Question: In all the experiments where I have used information from the graph, the performance is very similar to the baseline w/o graph information, so, could this information already be contained in the model parameters or in the background/context of the input? [[Language Models as Knowledge Bases?]](https://arxiv.org/pdf/1909.01066.pdf). The information in the category and infobox graphs could appear in the Wikipedia articles and: 1) the pre-training data of BART contains Wikipedia, 2) the backgrounds are extracted from those articles.

### Generative approach

Regardless of whether the information in the graph is useful or not, is it still interesting for us to integrate the negative candidates in the training of the generative model?
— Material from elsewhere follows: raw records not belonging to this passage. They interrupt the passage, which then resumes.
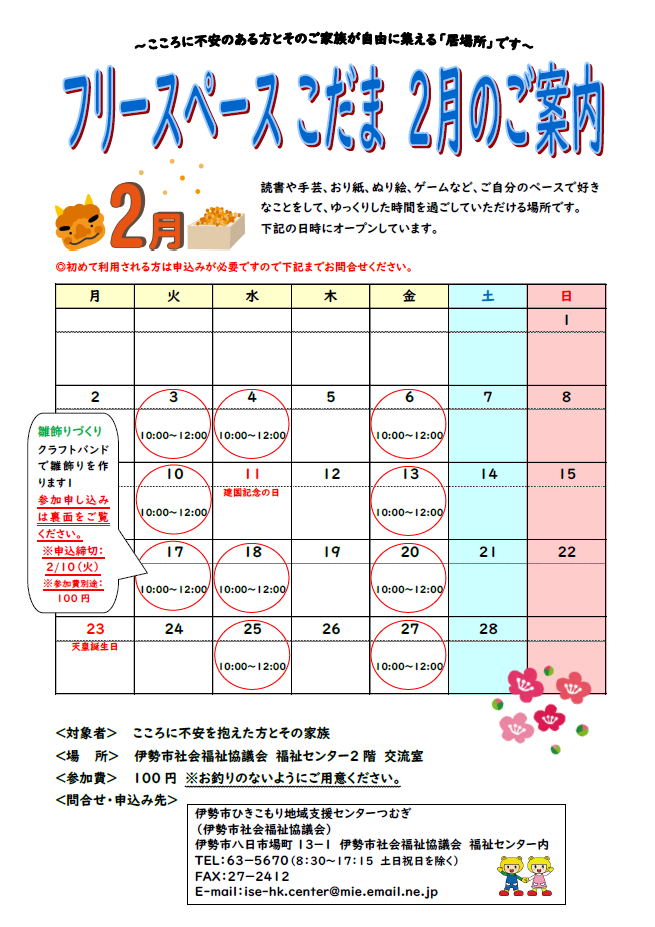 伊勢市社会福祉協議会福祉センター(伊勢市八日市場町13-1)2階にて開所しています。
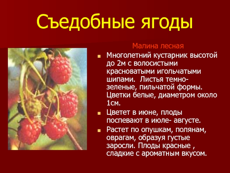 Растет по опушкам, полянам, оврагам, образуя густые заросли. Плоды красные , сладкие с ароматным вкусом.
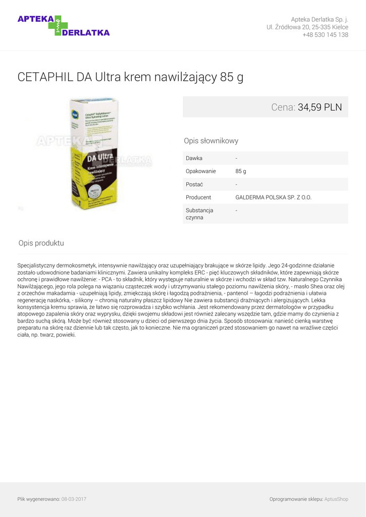 Apteka Derlatka Sp. j. Ul. Źródłowa 20, 25-335 Kielce +48 530 145 138 CETAPHIL DA Ultra krem nawilżający 85 g Cena: 34,59 PLN Opis słownikowy Dawka - Opakowanie 85 g Postać - Producent GALDERMA POLSKA SP. Z O.O. Substancja czynna - Opis produktu Specjalistyczny dermokosmetyk, intensywnie nawilżający oraz uzupełniający brakujące w skórze lipidy. Jego 24-godzinne działanie zostało udowodnione badaniami klinicznymi. Zawiera unikalny kompleks ERC - pięć kluczowych składników, które zapewniają skórze ochronę i prawidłowe nawilżenie: - PCA - to składnik, który występuje naturalnie w skórze i wchodzi w skład tzw. Naturalnego Czynnika Nawilżającego, jego rola polega na wiązaniu cząsteczek wody i utrzymywaniu stałego poziomu nawilżenia skóry, - masło Shea oraz olej z orzechów makadamia - uzupełniają lipidy, zmiękczają skórę i łagodzą podrażnienia, - pantenol – łagodzi podrażnienia i ułatwia regenerację naskórka, - silikony – chronią naturalny płaszcz lipidowy Nie zawiera substancji drażniących i alergizujących. Lekka konsystencja kremu sprawia, że łatwo się rozprowadza i szybko wchłania. Jest rekomendowany przez dermatologów w przypadku atopowego zapalenia skóry oraz wyprysku, dzięki swojemu składowi jest również zalecany wszędzie tam, gdzie mamy do czynienia z bardzo suchą skórą. Może być również stosowany u dzieci od pierwszego dnia życia. Sposób stosowania: nanieść cienką warstwę preparatu na skórę raz dziennie lub tak często, jak to konieczne. Nie ma ograniczeń przed stosowaniem go nawet na wrażliwe części ciała, np. twarz, powieki. Plik wygenerowano: 08-03-2017 Powered by TCPDF (www.tcpdf.org) Oprogramowanie sklepu: AptusShop
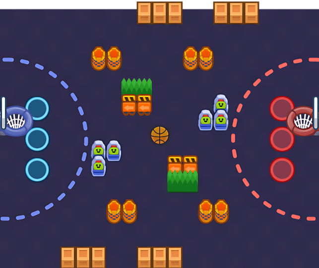 Brawl Stars Triple Double is a Basket Brawl map with a compact, symmetrical layout and limited open space, ideal for short-range combat.
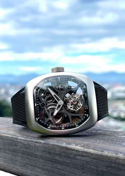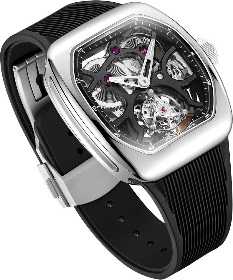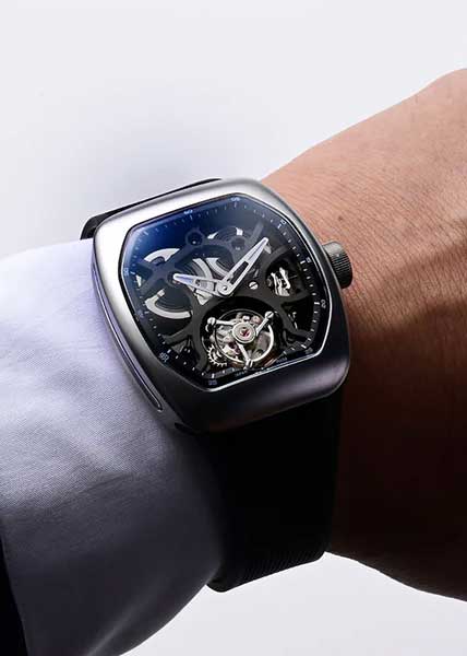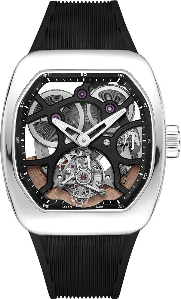T9-01 UFO Full Skeleton Automatic Tourbillon. Скелетонизированные часы с турбийоном. В механизме 35 камней, частота 28800 полуколебаний в час. Запас хода 60 часов. Стальной корпус украшен прозрачными вставками.
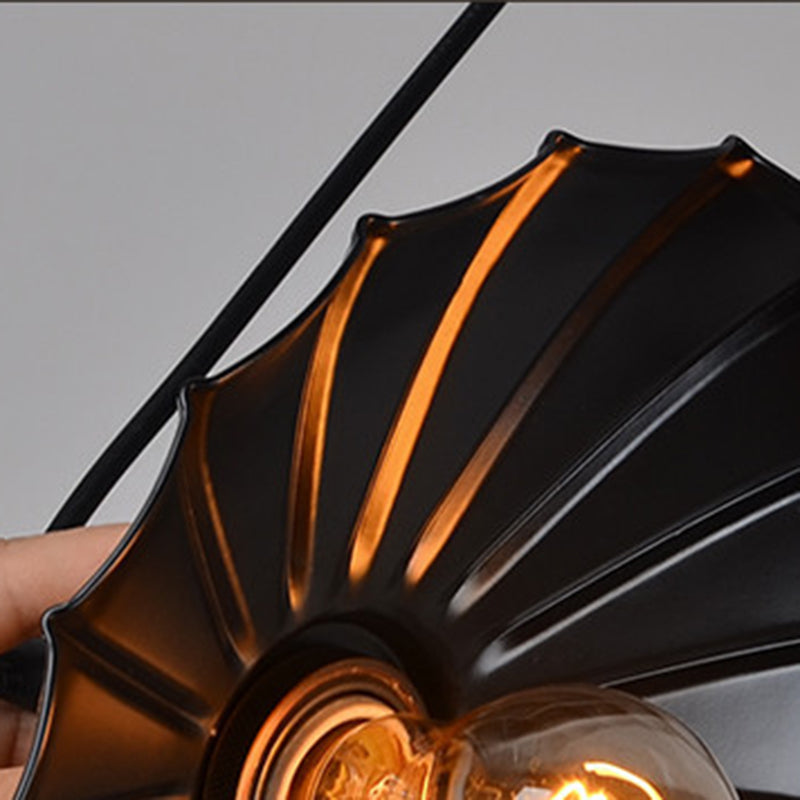 Black Scalloped Iron Ceiling Suspension Lamp - Loft Dining Room Pendant Light with 1 Bulb
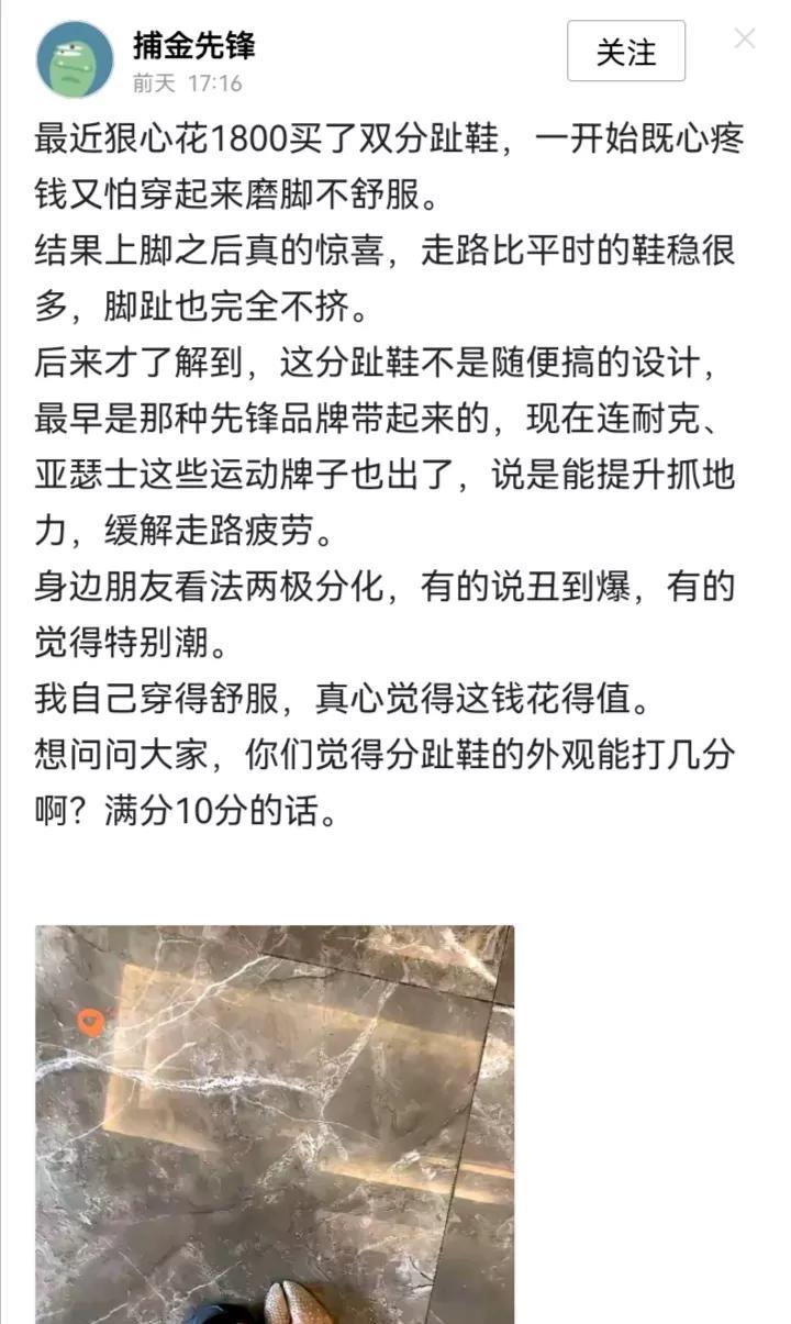 这张分趾鞋的照片[捂脸],一天之内竟然刷到3个小作文,从自己花1800元买的,到男朋友给买的,还有闺蜜不穿了送的[泪奔]。 看来,随便下载个图,然后看图说话、张嘴瞎编就好了……
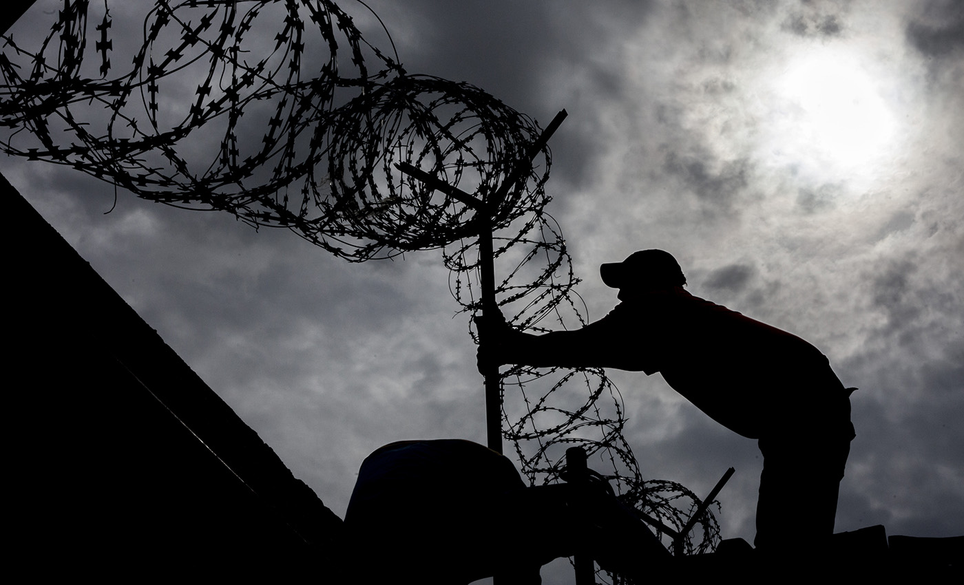 Рабочие монтируют ограждение в центре временного содержания иностранных граждан в Санкт-Петербурге. Фото: Алексей Даничев / РИА «Новости»
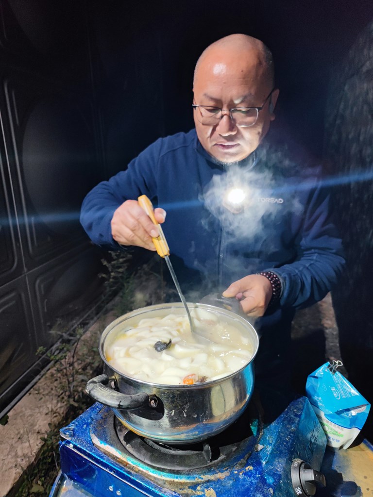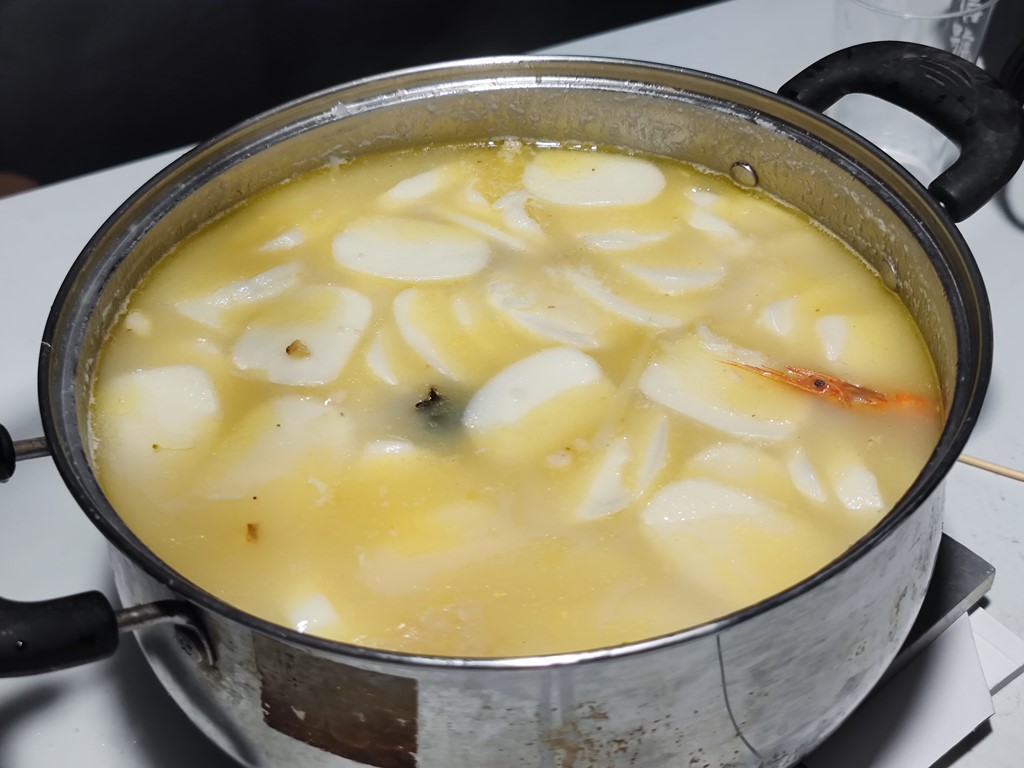 美食家 BA5AJ正在烹制浙江特色的年糕片汤饭(中午的三鲜鸡汤作为汤底)
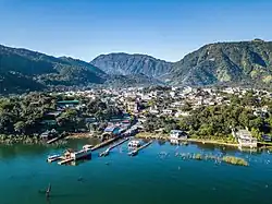 The fishing industry has taken a hit in recent years, with the lake's fish population steadily declining. This is in part due to the introduction of the non-native Black Bass 1958 in an attempt to attract more recreational fishing tourism. It has since caused disruption of the lake's natural ecosystem, causing the extinction of local bird and fish species.[4] Most fishermen are still able to make a living by taking tourists out in their traditional boats, but worry about the future.[1] The main crops of the area include avocado, coffee, cacao, and corn, though the town is notably lacking in land due to the expropriation of it by the government in response to the global coffee trade boom in the mid-20th century.[4]
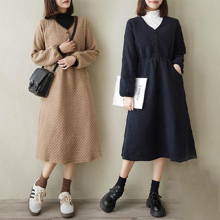 ワンピース ロング丈 レディース 春 秋 冬 中綿 ロング ライン ゆったり 体型カバー カジュアル ロング丈ワンピ 大人 あったか シ 厚手
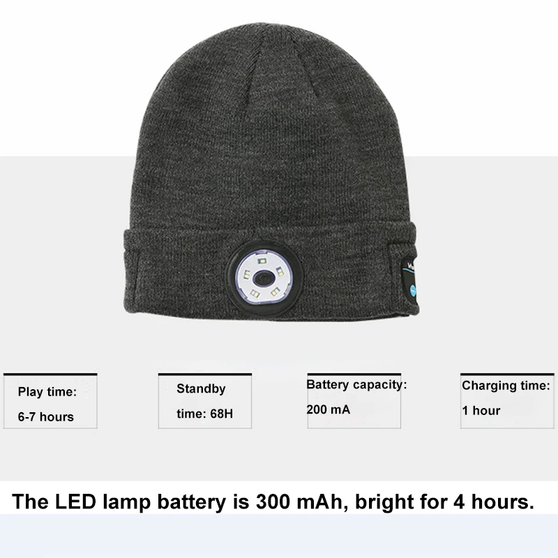 Теплая Шапочка Bluetooth 5.0 LED Hat, Беспроводная стереогарнитура, музыкальный проигрыватель с микрофоном, поддержка громкой связи, затемнение, перезаряжаемая
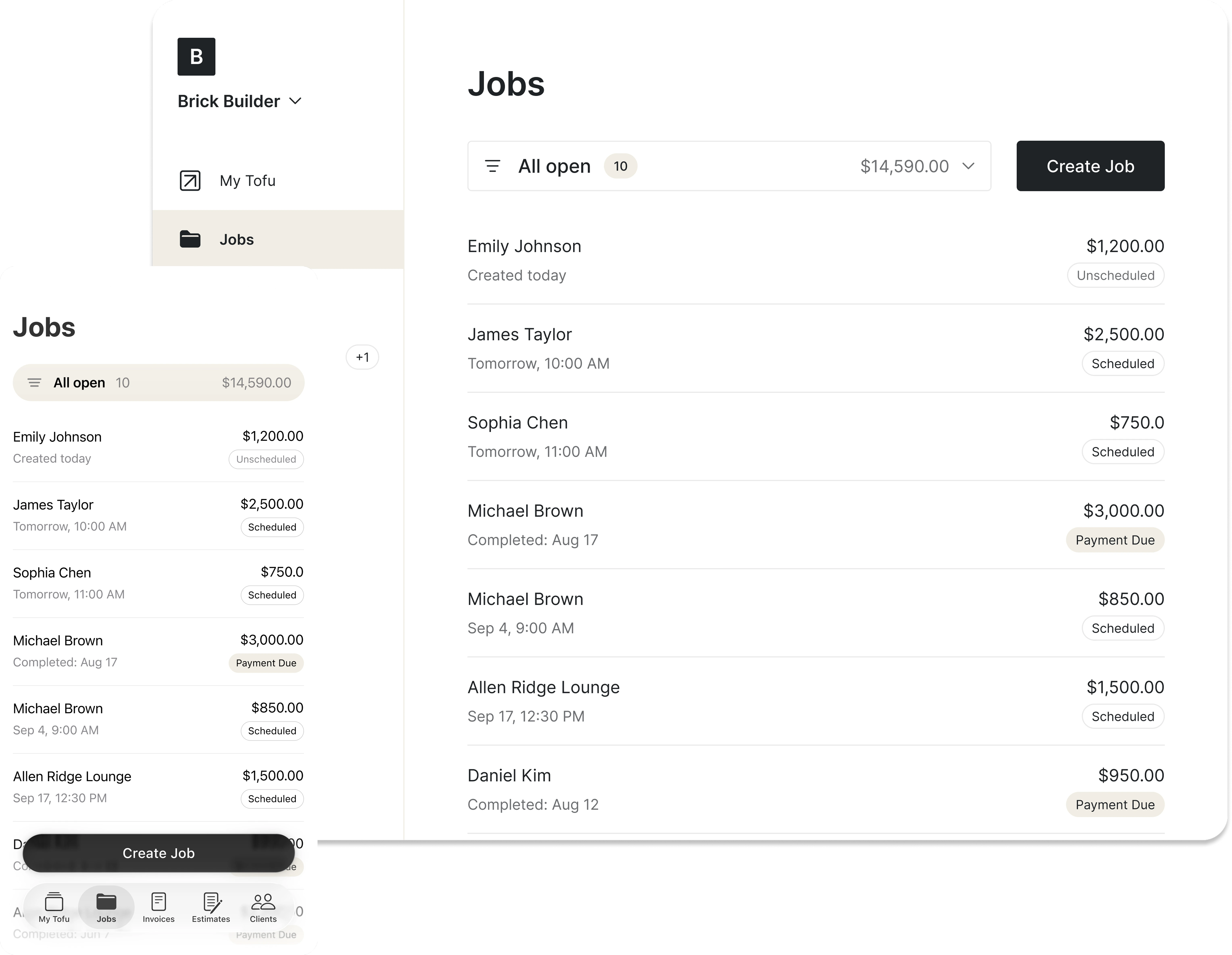 Tofu is designed for owner-operators and crews up to 10 people. You get contractor job management, scheduling, invoicing, estimating, and payments in one place. Available on iOS, Android, tablet, and desktop. Works offline in the field and syncs when you're back in range.
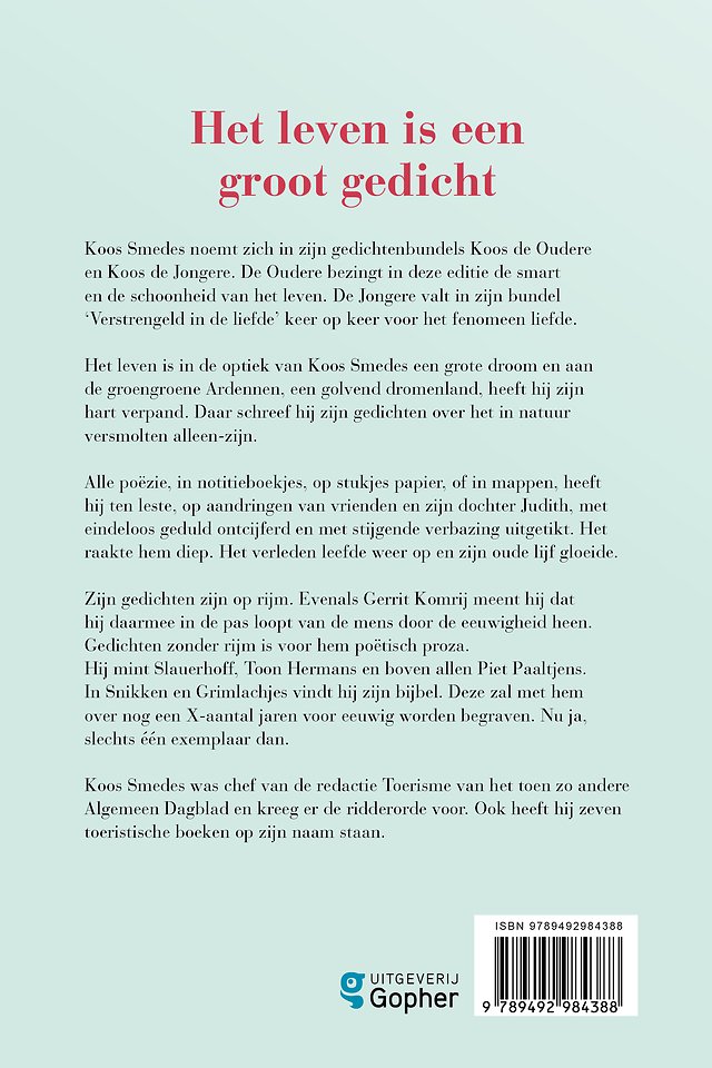 Koos Smedes noemt zich in zijn gedichtenbundels Koos de Oudere en Koos de Jongere. De Oudere bezingt in deze editie de smart en de schoonheid van het leven. De Jongere valt in zijn bundel ‘Verstrengeld in de liefde’ keer op keer voor het fenomeen liefde.
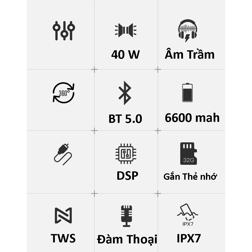 Thiết Bị Âm Thanh > Dàn âm thanh > Loa || [Mã ELHACE giảm 4% đơn 300K] Loa Bluetooth 40W công suất lớn Super Bass chống nước IPX7 pin 6600MAH DSPCòn hàng
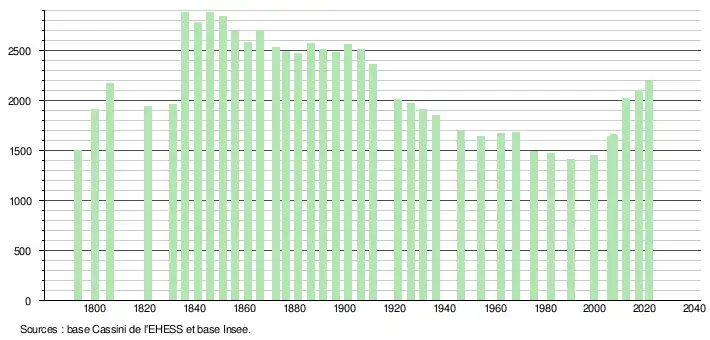 L'évolution du nombre d'habitants est connue à travers les recensements de la population effectués dans la commune depuis 1793. Pour les communes de moins de 10 000 habitants, une enquête de recensement portant sur toute la population est réalisée tous les cinq ans, les populations légales des années intermédiaires étant quant à elles estimées par interpolation ou extrapolation[19]. Pour la commune, le premier recensement exhaustif entrant dans le cadre du nouveau dispositif a été réalisé en 2007[20].
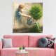 Une peinture murale réaliste représente une jeune fille qui tend la main avec une canette d'arrosage, s'intégrant intelligemment avec un véritable arbre qui pousse contre le mur
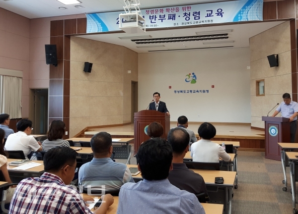 이날 실시된 교육은 성기철 행정지원과장의 부정청탁 및 금품 등 수수의 금지에 관한 법률 주요내용 설명과 전 경상북도교육청 정재원 감사관의 '청렴과 공직가치' 라는 주제로 실시했다.

Generative: $p(y_1^I | x_1^J) = \prod_{i=1}^{I} p(y_i | y_1^{i-1}, x_1^J)$
<br>Discriminative: $p(y | x_1^J) = f_{sm}(u_J^\intercal W + b)_y$

Idea: to integrate a discriminative loss along with the generative loss.

$\mathcal{L} = \mathcal{L_D} + \mathcal{L_G}$
<br>$\mathcal{L_G} = $
<br>$\mathcal{L_D} = $

## Lead bias checking

I assume that the pre-trained BART w/o finetuning on CNN/DM (BART-Large) does not suffer from lead bias, so, I repeated the experimentation with the discriminative model (w/o graph information), but finetuning BART-Large instead of BART-CNN.



| BART | MAP | R@10 | MRR |
| --- | --- | --- | --- |
| CNN | **89.80** | **99.28** | 95.69 |
| Large | 89.61 | 99.06 | 95.74 |


### Is BART-CNN biased to the lead sentences? 

I prepared some code for visualizing the encoder/decoder attentions and compute the accumulated probability for each sentence (**BARTBias** notebook)

## Appendix

Implementation details of the experimentation with negative candidates:

**symbolic_algo**: ("positivos") lowest_common_ancestors_graph, value_intersection_infobox. ("negativos") negatives_from_neighborhood

**symbolic_format**: si no se especifica, input (si se especifica "input", también). Si "target", la información simbólica se usa como positivos. Si "negative_targets_X%", la información simbólica se usa como negativos para reemplazar el X% de negativos.

Por tanto, se pueden hacer cosas como, usar symbolic_algo "positivos" (e.g. lowest_common_ancestors_graph) como distractores con symbolic_format=negative_targets_100, usar symbolic_algo "positivos" como gold standards con symbolic_format=target y usar symbolic_algo "negativos" como distractores con symbolic_format=negative_targets_X%.


**soft-labels** en create_modeling_task para distinguir las etiquetas de información del grafo con las del corpus ("partial_aggregation" -2 como valor clave-). En finetune.sh se puede especificar el peso que se le da a cada etiqueta: {"not_aggregation": 0, "aggregation": 1, "partial_aggregation": 0.6}, se calcula la binary crossentropy entre la p(1|x) generada por la red (posición 1 de la softmax) y la soft-label.